> Work instruction: Only the lines from the one containing "3.根据所需内容填写模板内容,在申请说明一栏填写发送目标" through the end of the entries are wanted, retyped exactly and without pictures.

> Records for processing:

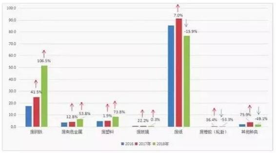 從2018年回收數據分析,廢紙回收量最大,回收量達76.8萬噸,占比53%,其次是廢鋼鐵,回收量為51.6萬噸,占比35%,廢塑料、廢玻璃、廢橡膠、其他種類回收量分別為8.6萬噸、0.8萬噸、0.2萬噸、2萬噸。、
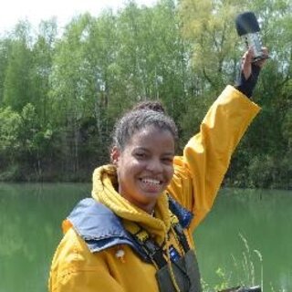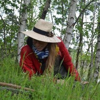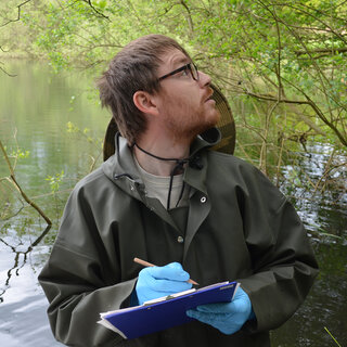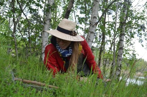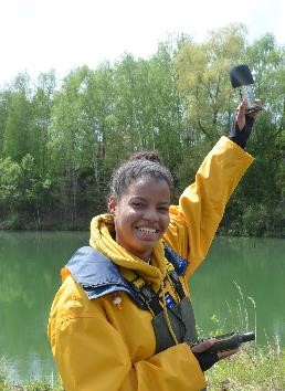 Malwina Schafft bestimmt Pflanzen am Ufer eines Baggersees.
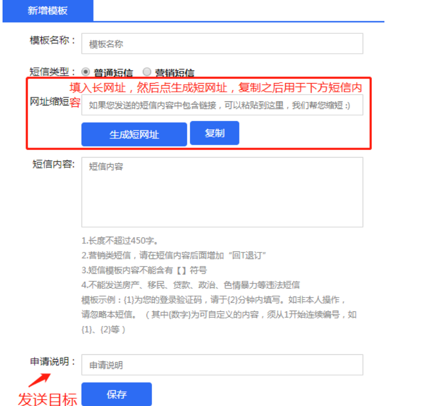 3.根据所需内容填写模板内容,在申请说明一栏填写发送目标
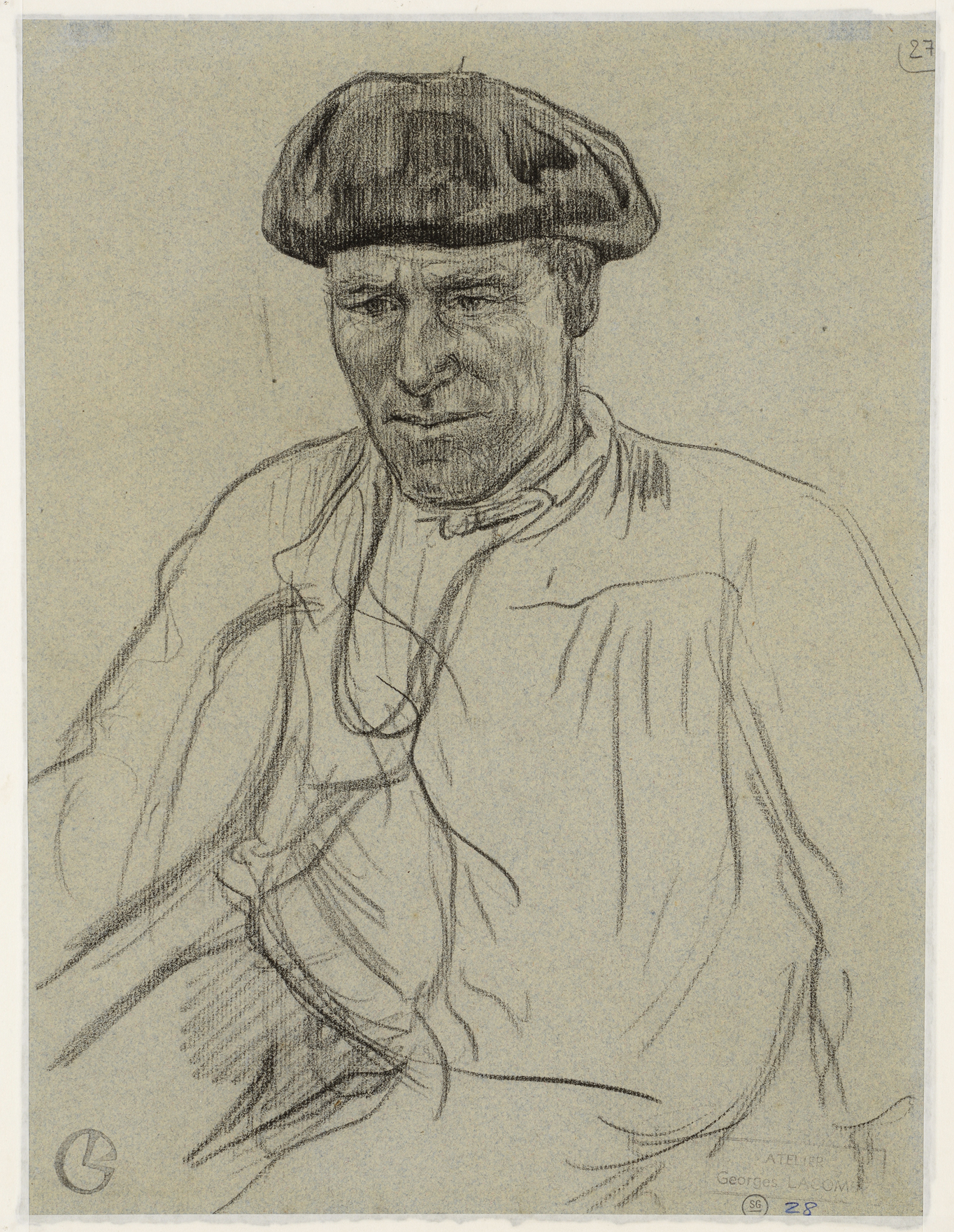 The drawing on the verso of the present sheet is a portrait of a Breton sailor named Piriou, who helped Lacombe sail the Greska, the boat which the artist kept at Camaret. Lacombe produced a number of drawings of Piriou, whose wife and daughter were also the subject of drawings that were originally in the same Breton sketchbook as the present sheet. This sketchbook was made up of sheets of blue paper, with most of the drawings datable to 1895 and depicting Breton subjects. Several drawings were removed from this sketchbook in the 1970s, of which the present sheet is one, and the remainder of the now-unbound Breton sketchbook entered the collection of the Louvre in 1983.
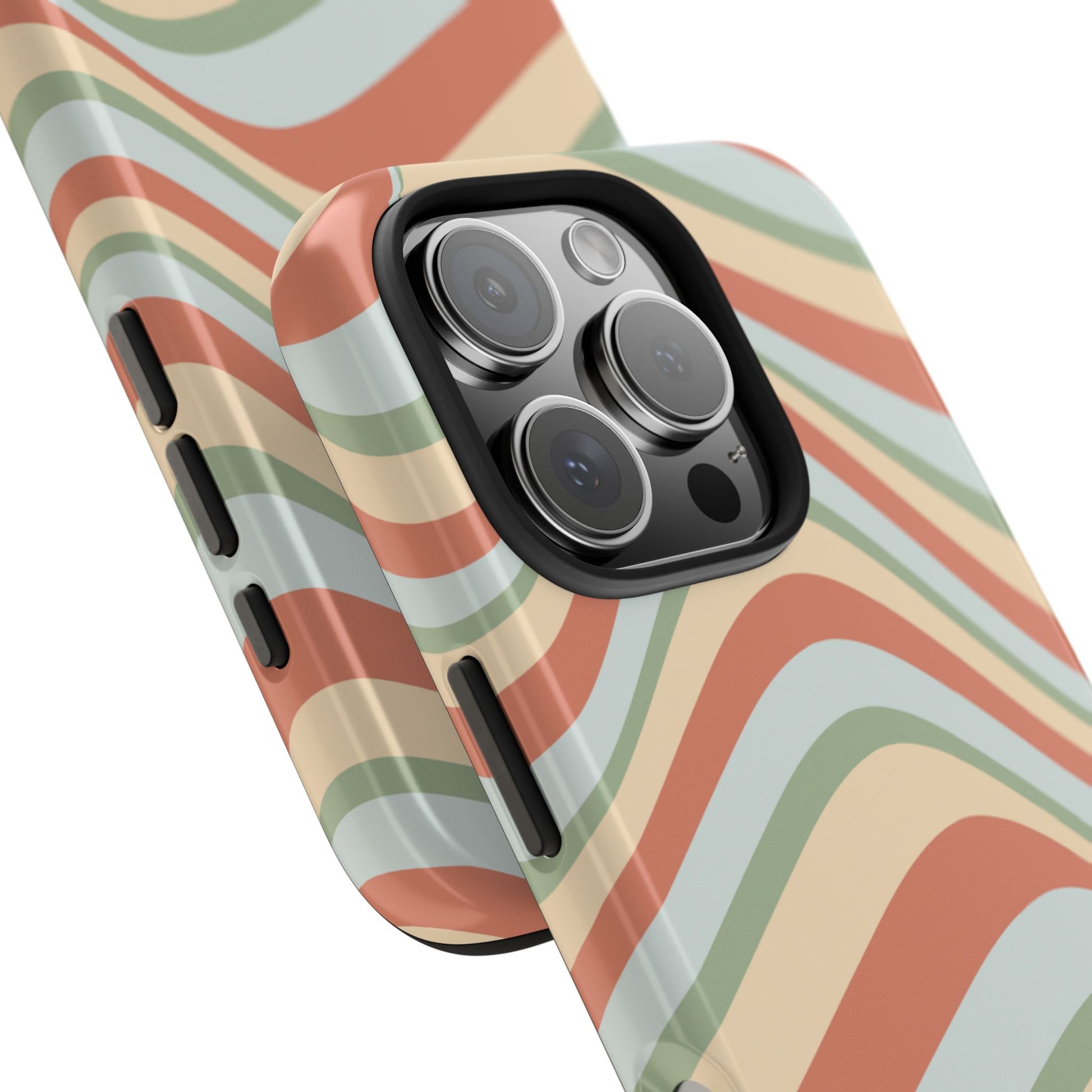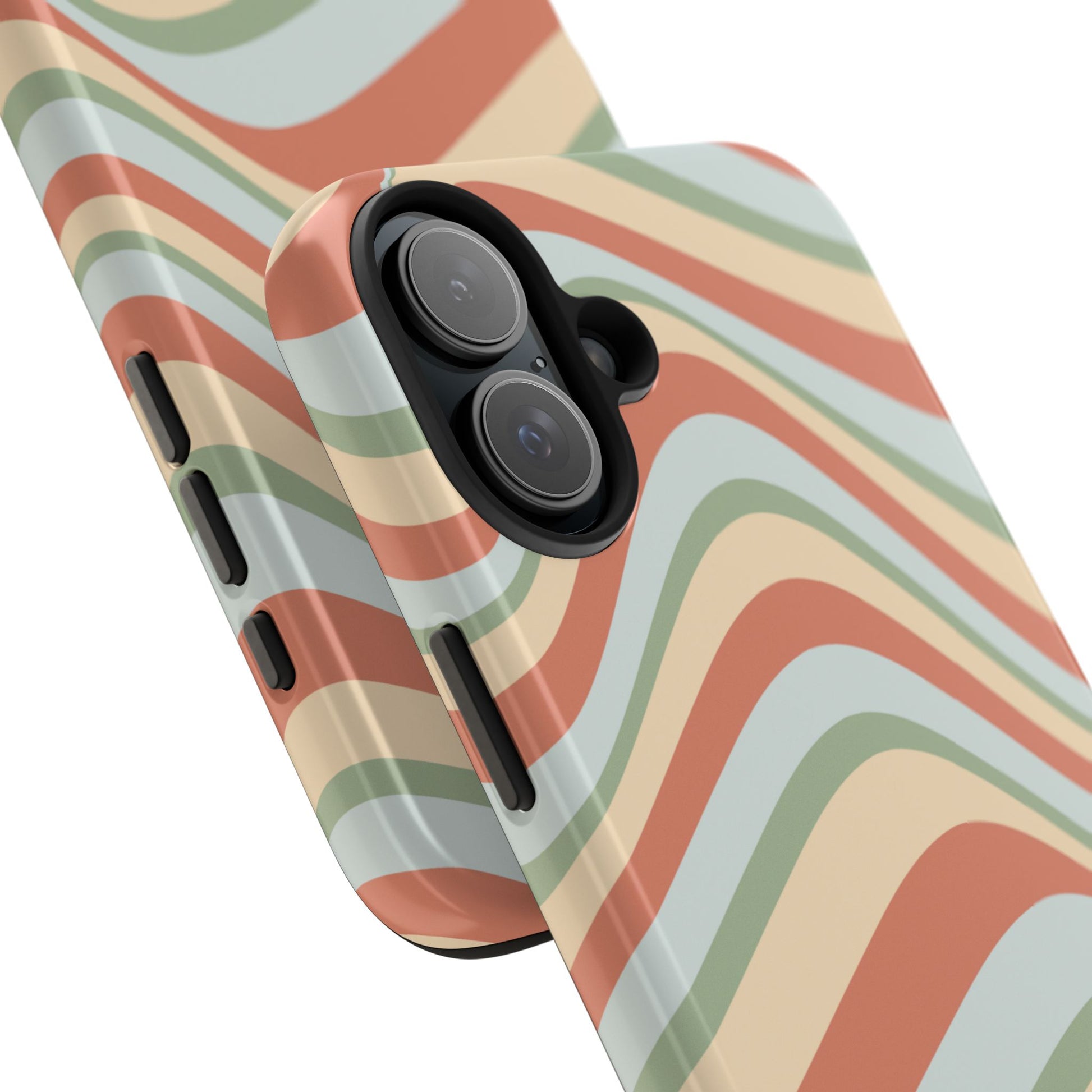 Vintage Earthy Waves iPhone Case – Retro 70s-Inspired in Warm Green, Cream, and Rust
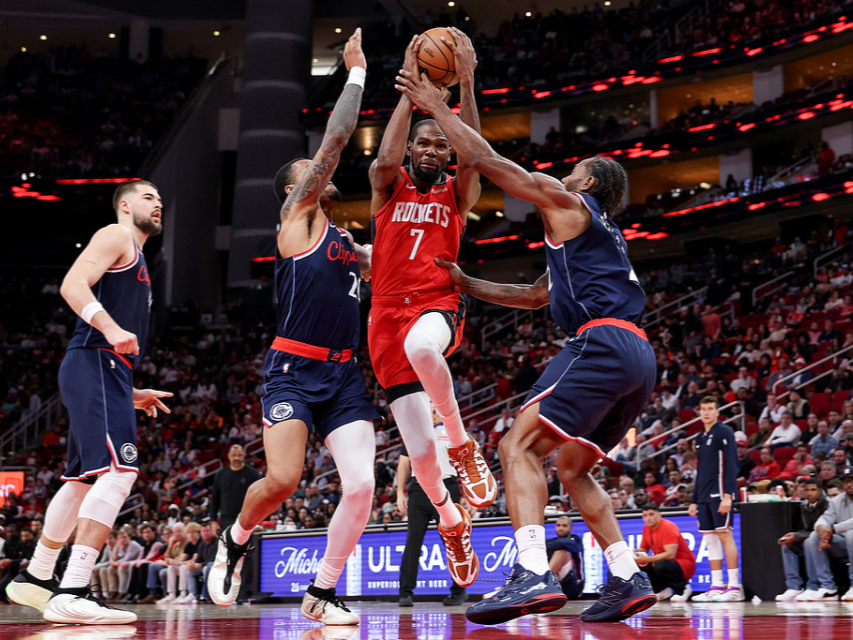 小卡41分限时返场,快船擒火箭摆脱垫底,杜兰特末节苦坐替补席
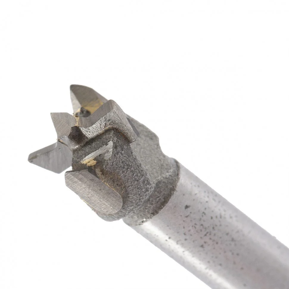 - Режущий ободок перерезает волокна на краях отверстия раньше, чем основные лезвия погружаются в древесину, и при этом почти не образуются сколы.
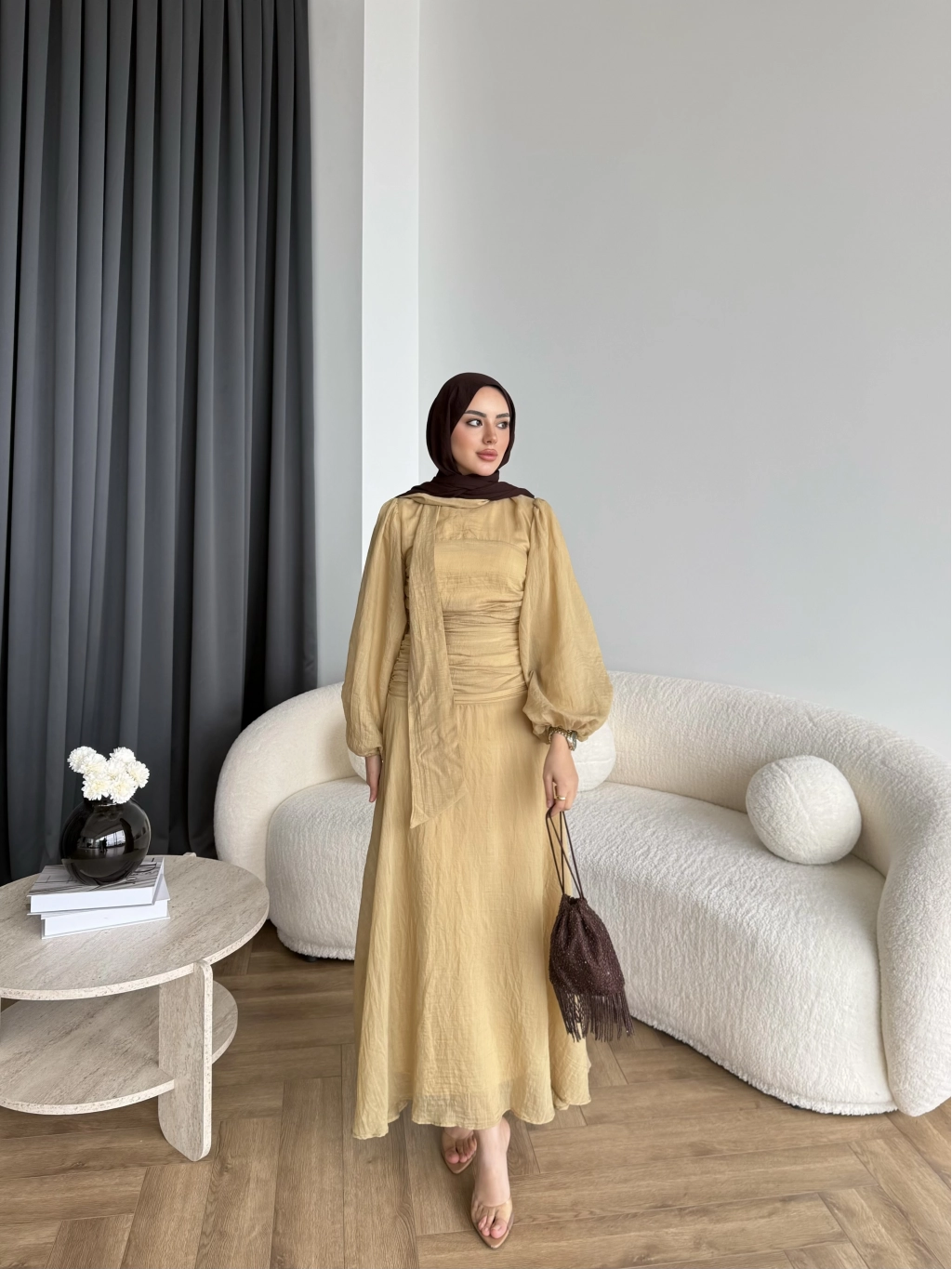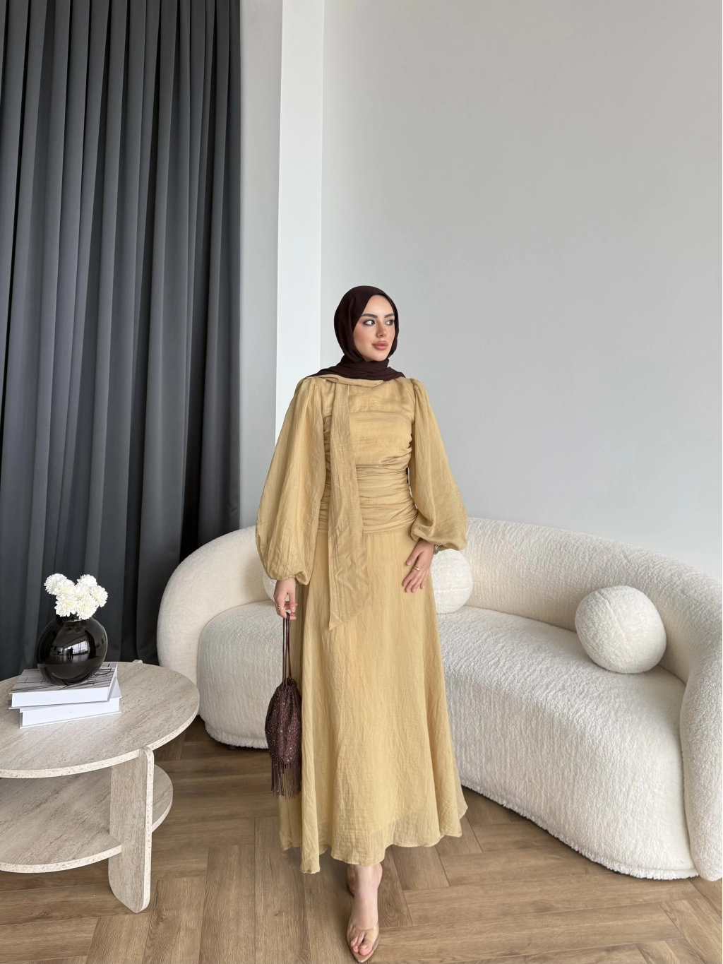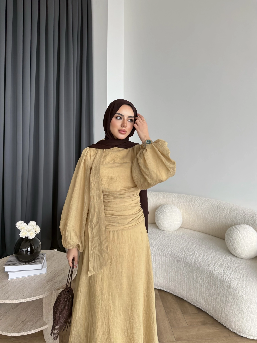 Qu - Salkım Belden Oturtmalı Elbise - Yağ Yeşil

> Completed exercise:
 3.根据所需内容填写模板内容,在申请说明一栏填写发送目标
 The drawing on the verso of the present sheet is a portrait of a Breton sailor named Piriou, who helped Lacombe sail the Greska, the boat which the artist kept at Camaret. Lacombe produced a number of drawings of Piriou, whose wife and daughter were also the subject of drawings that were originally in the same Breton sketchbook as the present sheet. This sketchbook was made up of sheets of blue paper, with most of the drawings datable to 1895 and depicting Breton subjects. Several drawings were removed from this sketchbook in the 1970s, of which the present sheet is one, and the remainder of the now-unbound Breton sketchbook entered the collection of the Louvre in 1983.
 Vintage Earthy Waves iPhone Case – Retro 70s-Inspired in Warm Green, Cream, and Rust
 小卡41分限时返场,快船擒火箭摆脱垫底,杜兰特末节苦坐替补席
 - Режущий ободок перерезает волокна на краях отверстия раньше, чем основные лезвия погружаются в древесину, и при этом почти не образуются сколы.
 Qu - Salkım Belden Oturtmalı Elbise - Yağ Yeşil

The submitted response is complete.